[EXERCISE] Start at the line with "Kegiatan P5 dengan" in the records below, stop at the line with "Chandrtara Bottle Green", and return every line in that span exactly, the two end lines included.

[DATA SHOWN]
=== Begin Enclosure ===

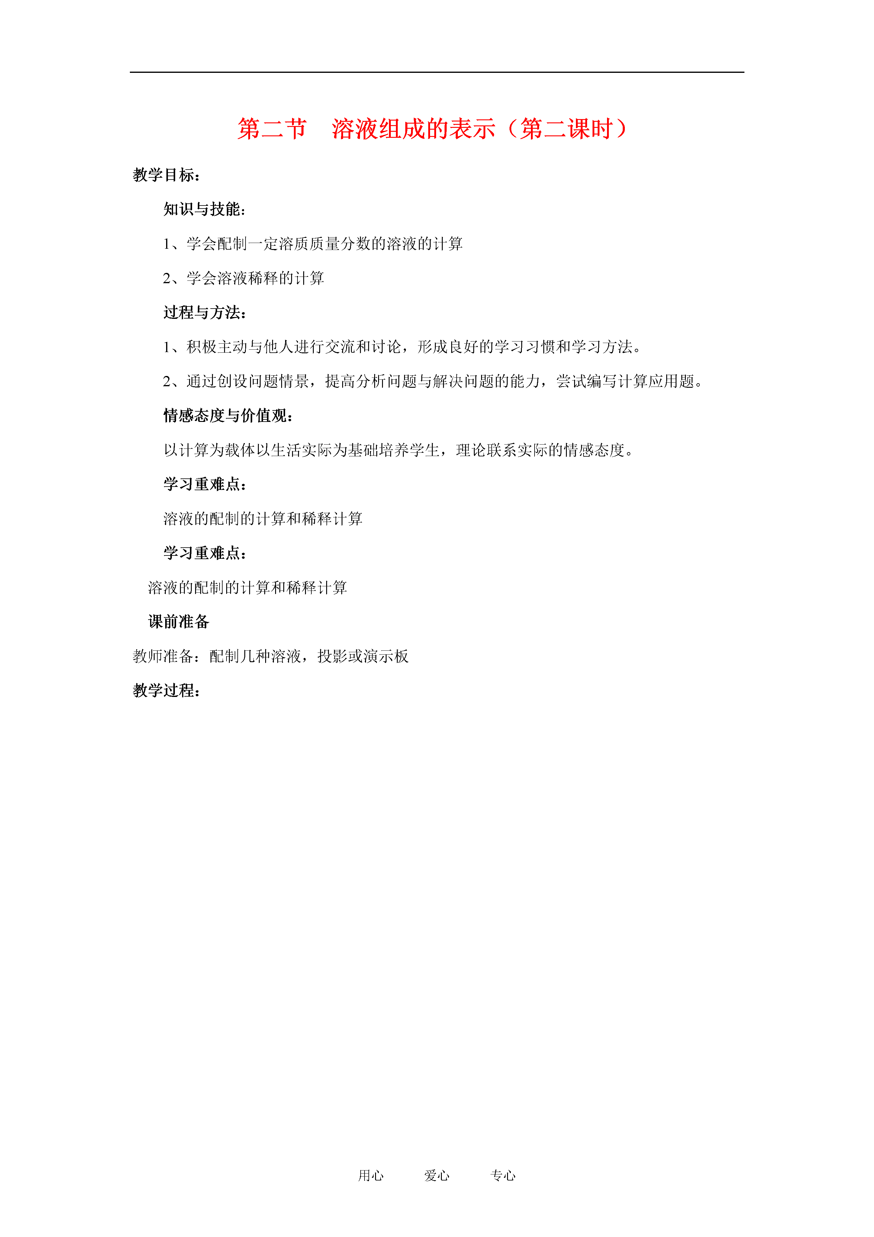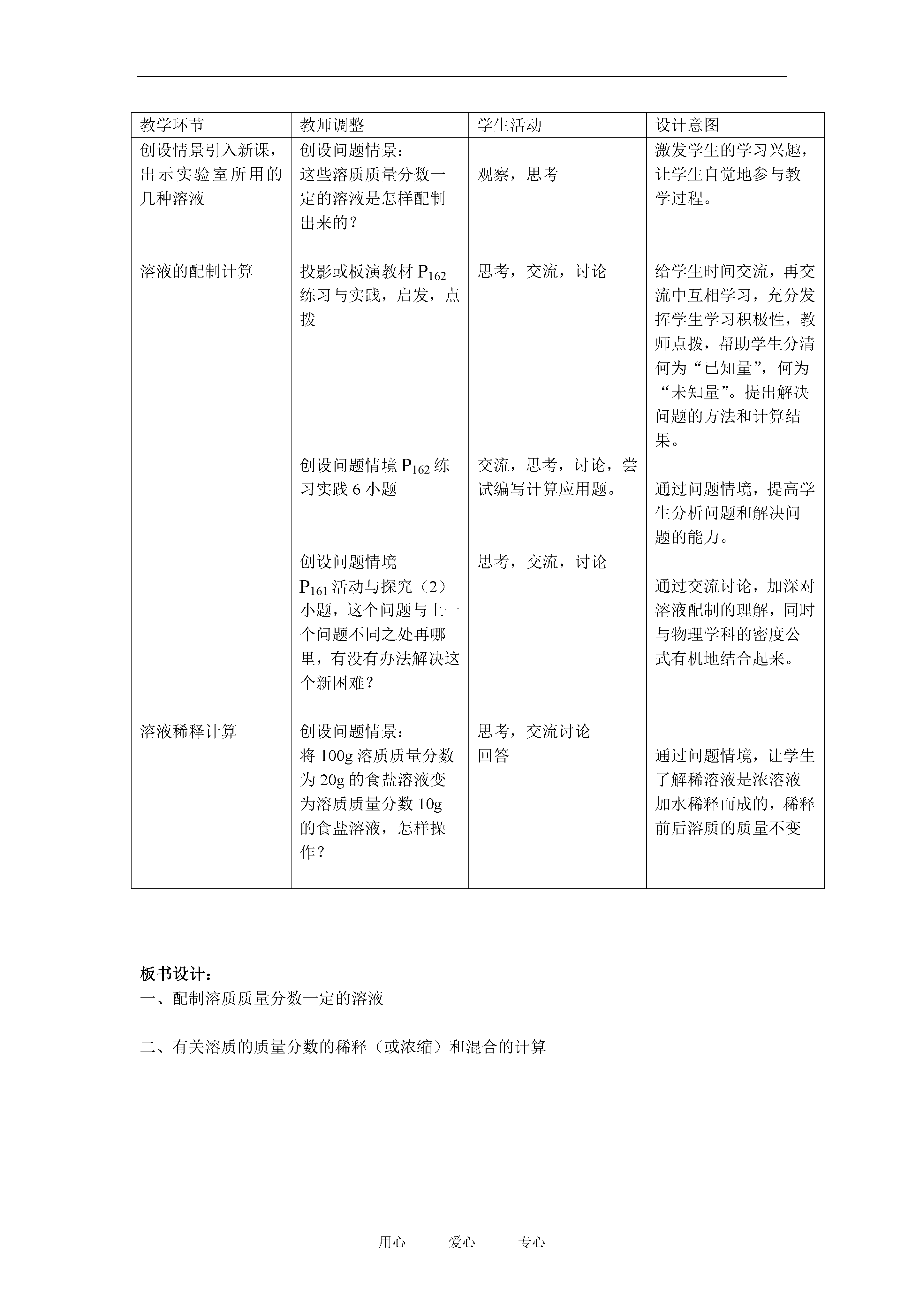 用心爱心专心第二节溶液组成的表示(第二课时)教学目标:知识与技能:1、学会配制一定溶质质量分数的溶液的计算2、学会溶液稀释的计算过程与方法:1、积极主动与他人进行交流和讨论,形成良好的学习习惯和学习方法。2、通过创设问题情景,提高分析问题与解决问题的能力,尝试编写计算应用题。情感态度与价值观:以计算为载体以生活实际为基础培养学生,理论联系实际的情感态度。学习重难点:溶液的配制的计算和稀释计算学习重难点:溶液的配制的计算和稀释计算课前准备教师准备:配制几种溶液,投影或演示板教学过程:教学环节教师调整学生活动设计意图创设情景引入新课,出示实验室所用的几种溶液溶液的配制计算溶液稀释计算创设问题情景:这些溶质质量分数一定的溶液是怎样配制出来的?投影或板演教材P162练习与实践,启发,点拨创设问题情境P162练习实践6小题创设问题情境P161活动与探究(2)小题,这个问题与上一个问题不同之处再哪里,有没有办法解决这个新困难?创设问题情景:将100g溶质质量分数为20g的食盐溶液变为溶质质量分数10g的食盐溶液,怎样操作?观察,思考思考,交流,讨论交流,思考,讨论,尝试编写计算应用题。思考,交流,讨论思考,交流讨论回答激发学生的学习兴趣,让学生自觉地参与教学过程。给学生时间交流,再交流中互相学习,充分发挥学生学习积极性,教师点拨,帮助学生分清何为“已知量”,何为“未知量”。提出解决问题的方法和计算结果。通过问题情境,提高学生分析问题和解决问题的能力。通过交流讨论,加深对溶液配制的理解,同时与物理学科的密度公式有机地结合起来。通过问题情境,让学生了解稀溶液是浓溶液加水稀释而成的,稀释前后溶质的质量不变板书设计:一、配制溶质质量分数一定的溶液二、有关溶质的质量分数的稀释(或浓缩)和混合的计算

=== End Enclosure ===
=== Begin Enclosure ===

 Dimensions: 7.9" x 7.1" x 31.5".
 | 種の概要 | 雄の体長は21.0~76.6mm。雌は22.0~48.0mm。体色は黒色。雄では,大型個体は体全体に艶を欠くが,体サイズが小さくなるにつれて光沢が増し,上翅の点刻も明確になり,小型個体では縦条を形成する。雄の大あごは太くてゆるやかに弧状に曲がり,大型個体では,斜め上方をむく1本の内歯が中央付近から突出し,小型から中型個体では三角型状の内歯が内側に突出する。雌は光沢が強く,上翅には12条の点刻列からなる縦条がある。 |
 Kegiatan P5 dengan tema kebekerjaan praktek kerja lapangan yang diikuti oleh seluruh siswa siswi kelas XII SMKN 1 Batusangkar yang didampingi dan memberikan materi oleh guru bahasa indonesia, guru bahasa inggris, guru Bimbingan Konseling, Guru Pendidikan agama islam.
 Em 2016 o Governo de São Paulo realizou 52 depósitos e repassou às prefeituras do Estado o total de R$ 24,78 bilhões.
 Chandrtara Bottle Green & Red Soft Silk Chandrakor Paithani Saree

=== End Enclosure ===
=== Begin Enclosure ===

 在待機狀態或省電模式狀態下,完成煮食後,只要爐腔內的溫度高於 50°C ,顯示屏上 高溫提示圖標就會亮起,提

=== End Enclosure ===

[RESPONSE AREA]
 Kegiatan P5 dengan tema kebekerjaan praktek kerja lapangan yang diikuti oleh seluruh siswa siswi kelas XII SMKN 1 Batusangkar yang didampingi dan memberikan materi oleh guru bahasa indonesia, guru bahasa inggris, guru Bimbingan Konseling, Guru Pendidikan agama islam.
 Em 2016 o Governo de São Paulo realizou 52 depósitos e repassou às prefeituras do Estado o total de R$ 24,78 bilhões.
 Chandrtara Bottle Green & Red Soft Silk Chandrakor Paithani Saree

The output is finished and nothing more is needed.